### Action item
Up to and including the line bearing "Nella schermata che", output every line of the entries exactly as written, starting from the first; pictures stay out.
+ + + + + + +
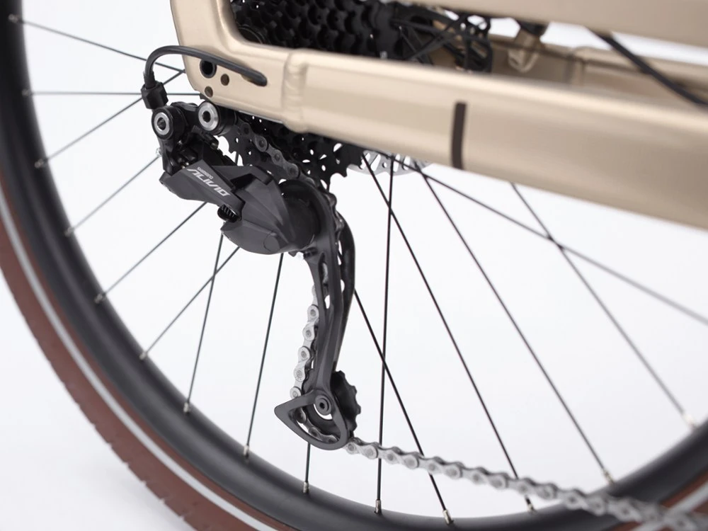 - 9-speed derailleur gear system allows for quick transitions and a wide range of gearing options
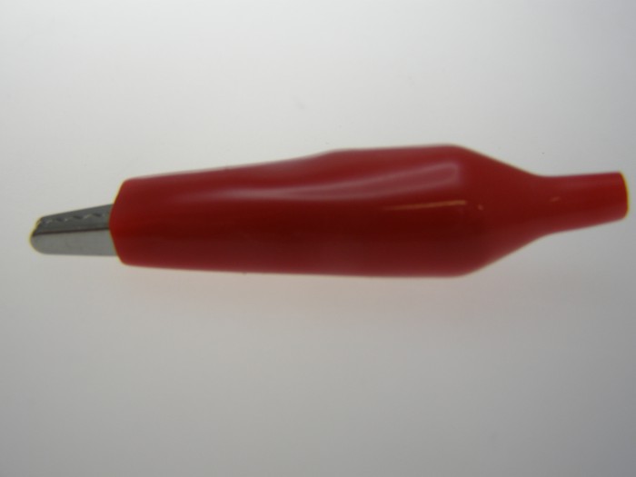 Miniaturowy zacisk krokodylkowy izolowany czerwony - długość 55mm
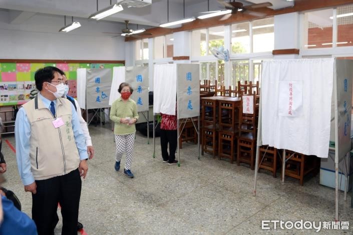 ▲台南市玉井區玉田里及安南區溪東里里長補選,市長黃偉哲與選舉委員會主委方進呈,一同至海佃國小投票所巡視投票情形與防疫工作。(圖/記者林悅翻攝,下同)
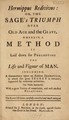 Hermippus redivivus, or, the sage's triumph over old age and the grave. Wherein, a method is laid down for prolonging the life and vigour of man. Including, a commentary upon an antient inscription, in which this great secret is revealed; supported by numerous authorities. The whole interspersed with a great variety of remarkable, and well-attested relations / [Anon].
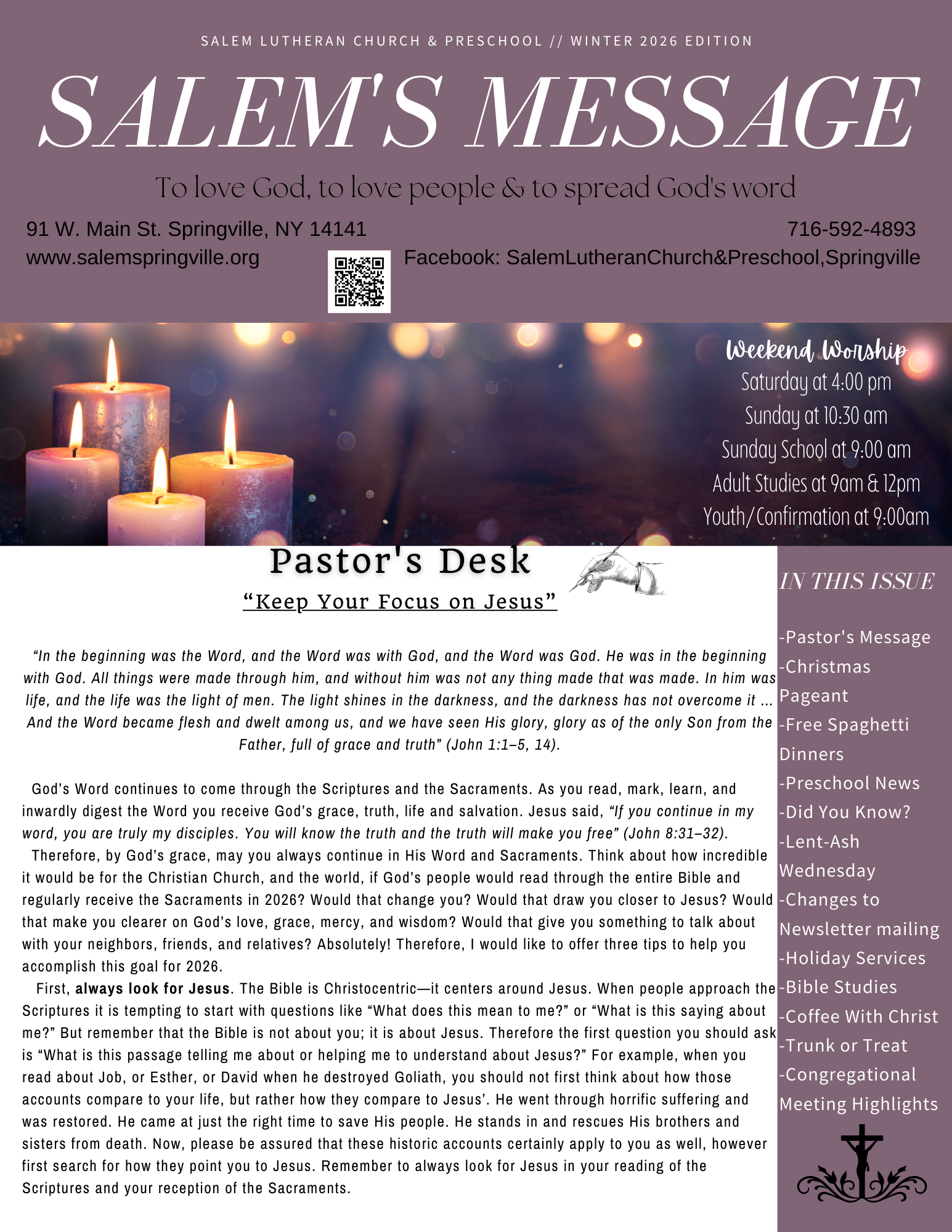 Welcome to Salem Lutheran Church and Preschool, a warm and inviting congregation nestled in Springville, NY. Join us in worship as we gather to glorify our Lord and Savior.
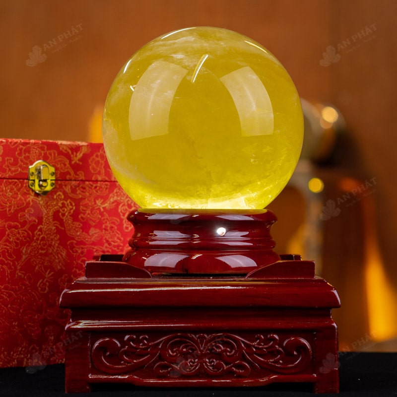 Ảnh cận cảnh quả cầu thạch anh vàng
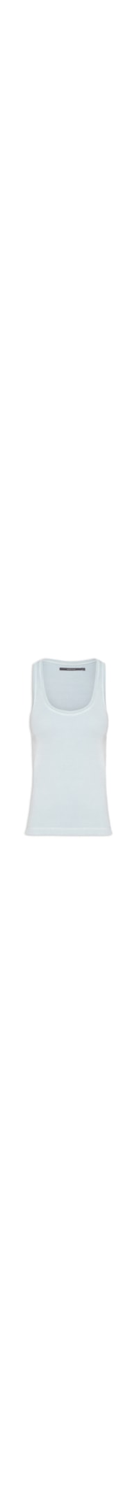 A regata azul é confeccionada em malha de algodão com alta elasticidade. A peça justa ao corpo possui decote U profundo, alças médias, cavas regulares e acabamento canelado.
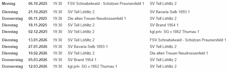 Di. | 14.11.2023 | 19:30 | SV Tell Löhlitz 2 | – | SG Stadtsteinach 1 |
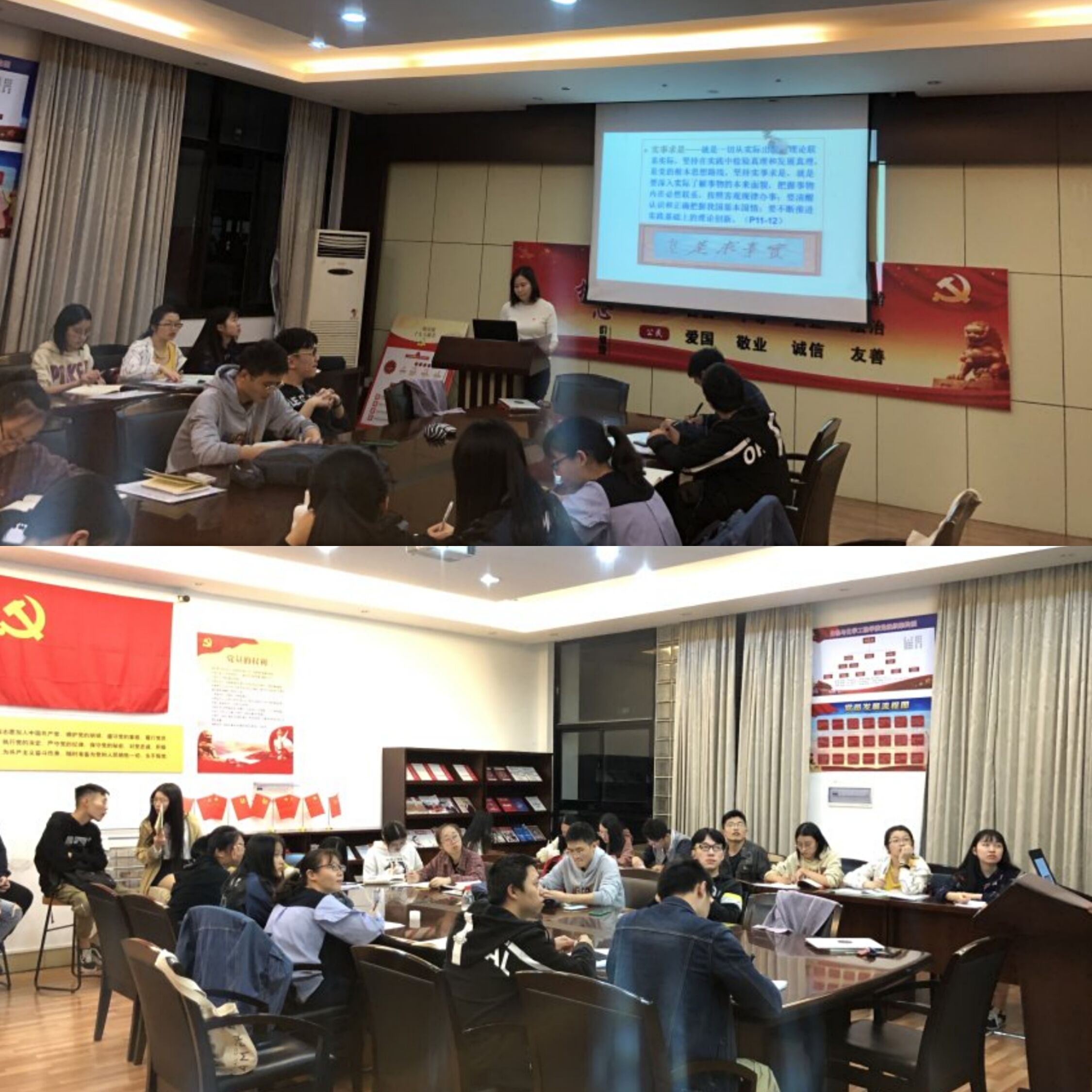 本次张硕老师微型党课授课主题为“毛泽东思想活的灵魂和时代精神”。一直以来,实事求是都是我党大力弘扬的工作作风,同时也是许多高校重要的思想,例如中共中央党校和中国人民大学就把事实求是作为自己的“校训”,毛主席曾学习过的岳麓书院讲堂前也写着“事实求是”,浙江大公司训也是“求是创新”。事实求是与群众路线,独立自主一起作为毛泽东思想活的灵魂,在当代其更有有重要的价值,特殊的意义。“不忘初心,牢记使命”,这八个自与实事求是紧密相连,共产党人不能忘记自己的出发点和落脚点,也不能忘记自己的工作准则和行为准则,要坚决把事实求是的工作作风融入到学习生活工作中去,一定要牢记,实践才是检验真理的唯一标准。
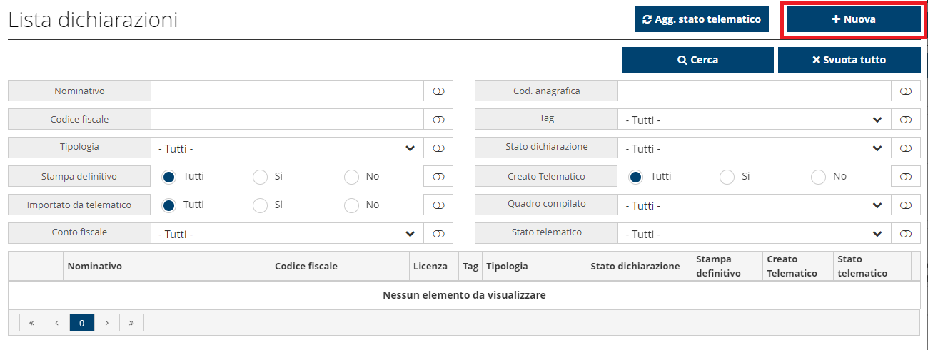 Nella schermata che si apre è possibile usare i filtri proposti per selezionare le anagrafiche per le quali creare la dichiarazione:
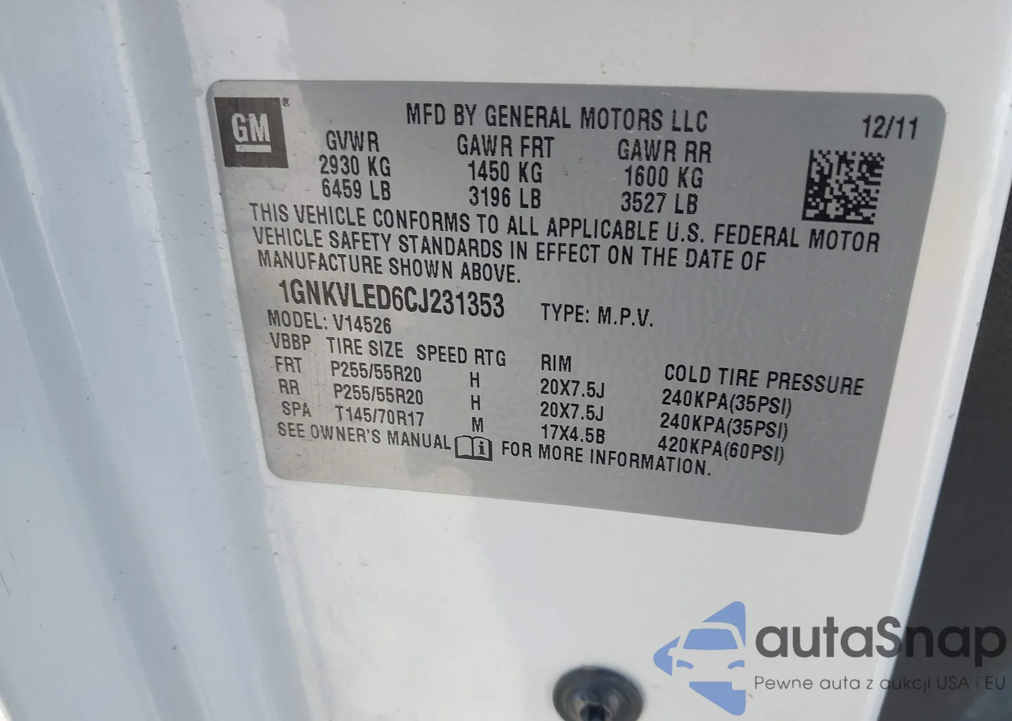 • VIN 1GNKVLED6CJ231353
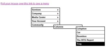 <a href="#" onMouseOver="popUp('HM_Menu1',event)" onMouseOut="popDown('HM_Menu1')">Roll your mouse over this link to see a menu</a>
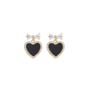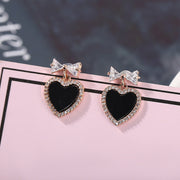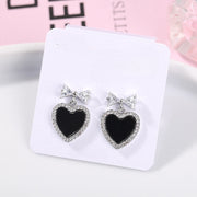 Black Crystal Rhinestone Heart Stud Earrings
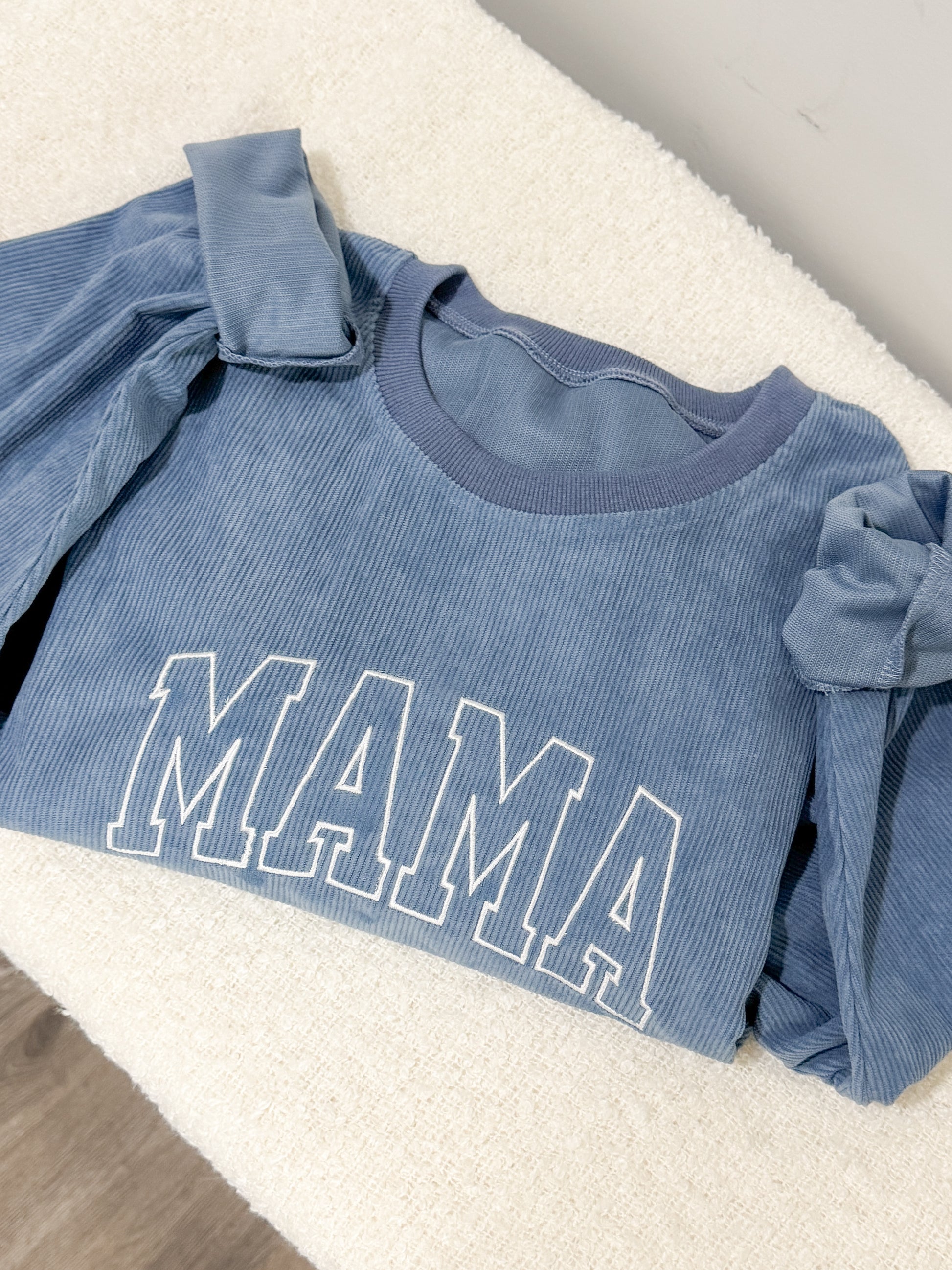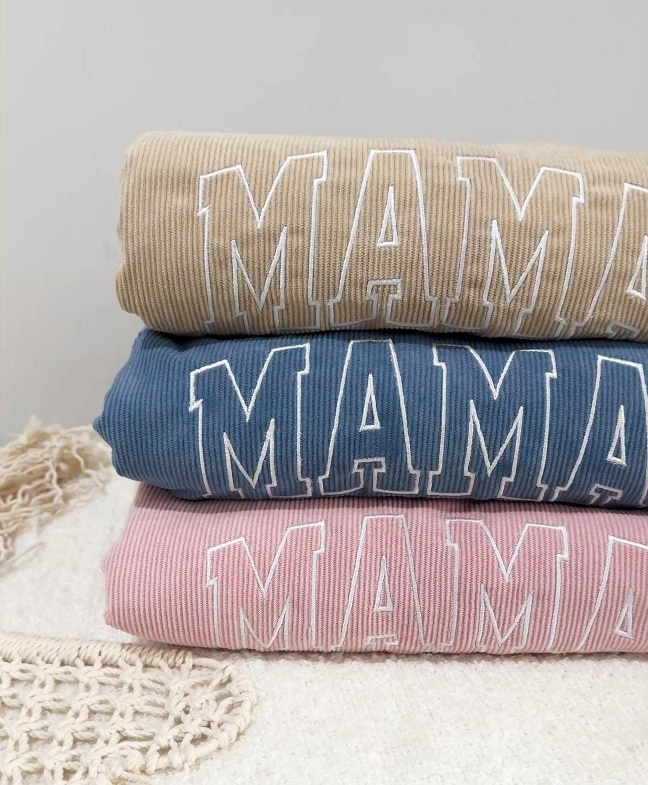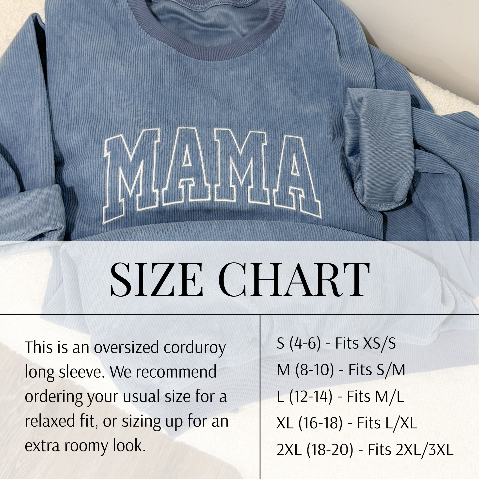 This is a popular embroidered MAMA cozy and casual oversized corduroy pullover top. Designed with a classic crewneck and long sleeves, this soft and relaxed fit is easy to style and comfortable for everyday wear. It is thin enough to layer, but also light weight enough to wear on it's own!
+ + + + + + +
### Written response
 - 9-speed derailleur gear system allows for quick transitions and a wide range of gearing options
 Miniaturowy zacisk krokodylkowy izolowany czerwony - długość 55mm
 ▲台南市玉井區玉田里及安南區溪東里里長補選,市長黃偉哲與選舉委員會主委方進呈,一同至海佃國小投票所巡視投票情形與防疫工作。(圖/記者林悅翻攝,下同)
 Hermippus redivivus, or, the sage's triumph over old age and the grave. Wherein, a method is laid down for prolonging the life and vigour of man. Including, a commentary upon an antient inscription, in which this great secret is revealed; supported by numerous authorities. The whole interspersed with a great variety of remarkable, and well-attested relations / [Anon].
 Welcome to Salem Lutheran Church and Preschool, a warm and inviting congregation nestled in Springville, NY. Join us in worship as we gather to glorify our Lord and Savior.
 Ảnh cận cảnh quả cầu thạch anh vàng
 A regata azul é confeccionada em malha de algodão com alta elasticidade. A peça justa ao corpo possui decote U profundo, alças médias, cavas regulares e acabamento canelado.
 Di. | 14.11.2023 | 19:30 | SV Tell Löhlitz 2 | – | SG Stadtsteinach 1 |
 本次张硕老师微型党课授课主题为“毛泽东思想活的灵魂和时代精神”。一直以来,实事求是都是我党大力弘扬的工作作风,同时也是许多高校重要的思想,例如中共中央党校和中国人民大学就把事实求是作为自己的“校训”,毛主席曾学习过的岳麓书院讲堂前也写着“事实求是”,浙江大公司训也是“求是创新”。事实求是与群众路线,独立自主一起作为毛泽东思想活的灵魂,在当代其更有有重要的价值,特殊的意义。“不忘初心,牢记使命”,这八个自与实事求是紧密相连,共产党人不能忘记自己的出发点和落脚点,也不能忘记自己的工作准则和行为准则,要坚决把事实求是的工作作风融入到学习生活工作中去,一定要牢记,实践才是检验真理的唯一标准。
 Nella schermata che si apre è possibile usare i filtri proposti per selezionare le anagrafiche per le quali creare la dichiarazione:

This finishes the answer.